Uma pesquisa da Universidade Federal de Mato Grosso do Sul (UFMS) revelou avanços promissores no tratamento do câncer por meio do uso da nanotecnologia. O estudo demonstrou, em testes laboratoriais, que a aplicação de nanopartículas pode reduzir o crescimento de tumores em até 99,6%, apontando uma nova direção para a quimioterapia mais eficiente e com menos efeitos colaterais.

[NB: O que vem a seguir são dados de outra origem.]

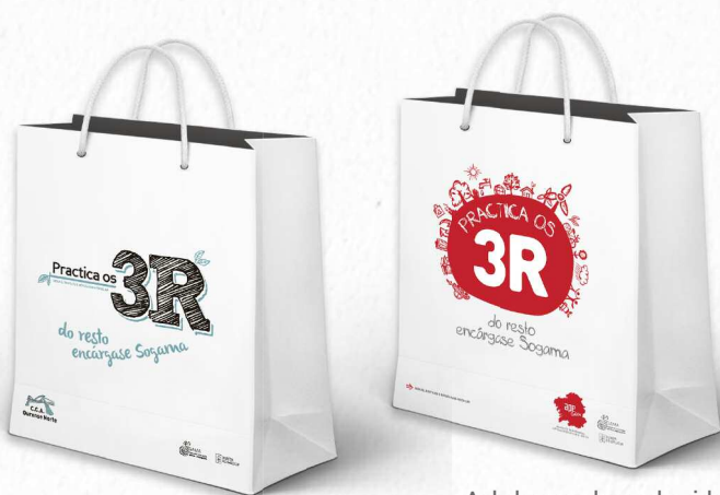
As bolsas son de papel reciclado

O projeto recebeu apoio do Governo de Mato Grosso do Sul, por meio da Secretaria de Meio Ambiente, Desenvolvimento, Ciência, Tecnologia e Inovação (Semadesc), além da Fundação de Apoio ao Desenvolvimento do Ensino, Ciência e Tecnologia de Mato Grosso do Sul (Fundect). O foco da pesquisa foi o desenvolvimento de nanopartículas de sílica, estruturas extremamente pequenas, milhares de vezes menores que um fio de cabelo, que atuam como veículos para transportar medicamentos diretamente até as células cancerígenas.

Esse método permite aumentar a precisão na aplicação da quimioterapia, minimizando o impacto do medicamento em células saudáveis e, consequentemente, reduzindo os efeitos colaterais. Conforme explicou o professor Marcos Utrera Martines, responsável pelo estudo, o design das nanopartículas foi planejado para manter a eficácia dos medicamentos mesmo em doses menores, evitando a disseminação e o crescimento das células tumorais.

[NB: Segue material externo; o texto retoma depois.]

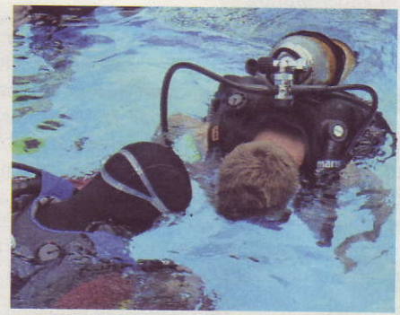
Immer schön durch den Mund ein- und ausatmen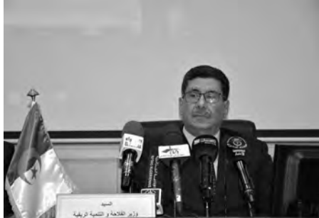
وزير الفلاحة والتنمية الريفية الصلب منذ الفاتح أفريل الماضي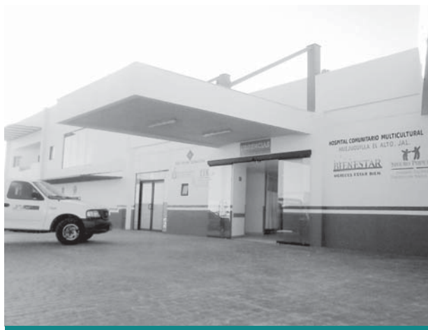
Huejuquilla el Alto

Nos experimentos realizados com os medicamentos citarabina e doxorrubicina, muito usados em tratamentos oncológicos, a combinação associada às nanopartículas apresentou resultados incríveis, com uma redução de até 99,6% no crescimento tumoral e diminuição superior a 90% no peso das massas tumorais analisadas. A pesquisa também utilizou ácido fólico para melhorar o direcionamento do fármaco, já que muitas células cancerígenas possuem receptores que facilitam a absorção da substância, otimizando o tratamento.

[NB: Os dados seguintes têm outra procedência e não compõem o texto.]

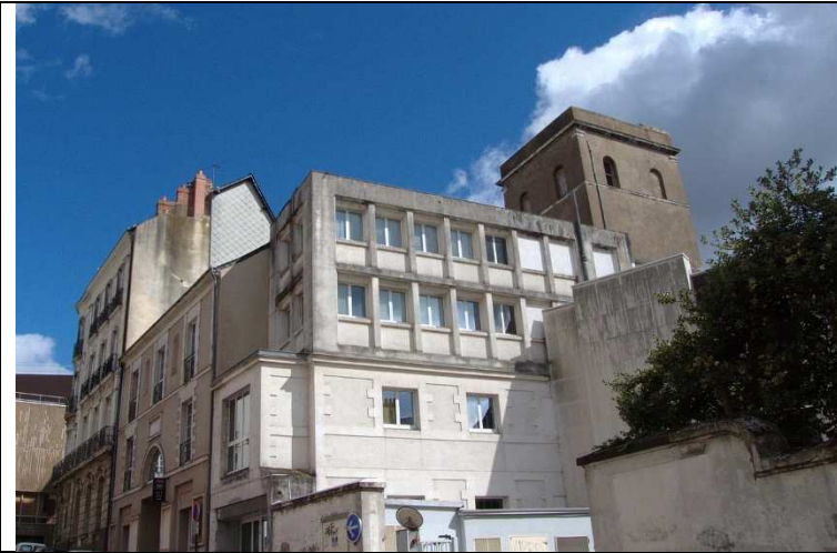
Bâtiments de l'ancienne école d'hydrographie et tour de l'observatoire (vue depuis la rue Flandres-Dunkerque-40).

Deux ouvrages complètement différents suivront en 1827, à Nantes l'observatoire astronomique de la Marine et à Gorges la manufacture de l'Angreviers de style architectural plus clissonnais.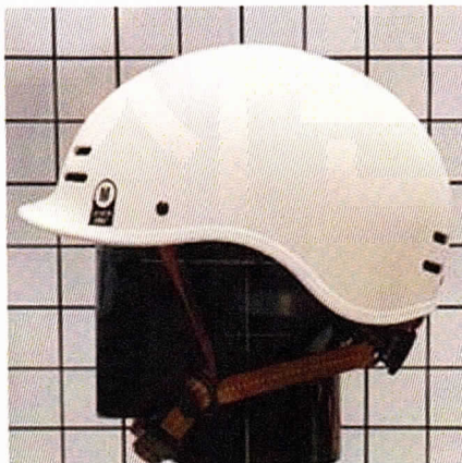
< 측 면 >

Além do sucesso nos testes, o projeto já conta com pedidos de patente e possui potencial para ser transferido ao setor produtivo e ao Sistema Único de Saúde (SUS). Os pesquisadores acreditam que essa inovação pode revolucionar os tratamentos oncológicos, tornando-os mais eficazes e menos agressivos para os pacientes, contribuindo para avanços importantes no combate ao câncer.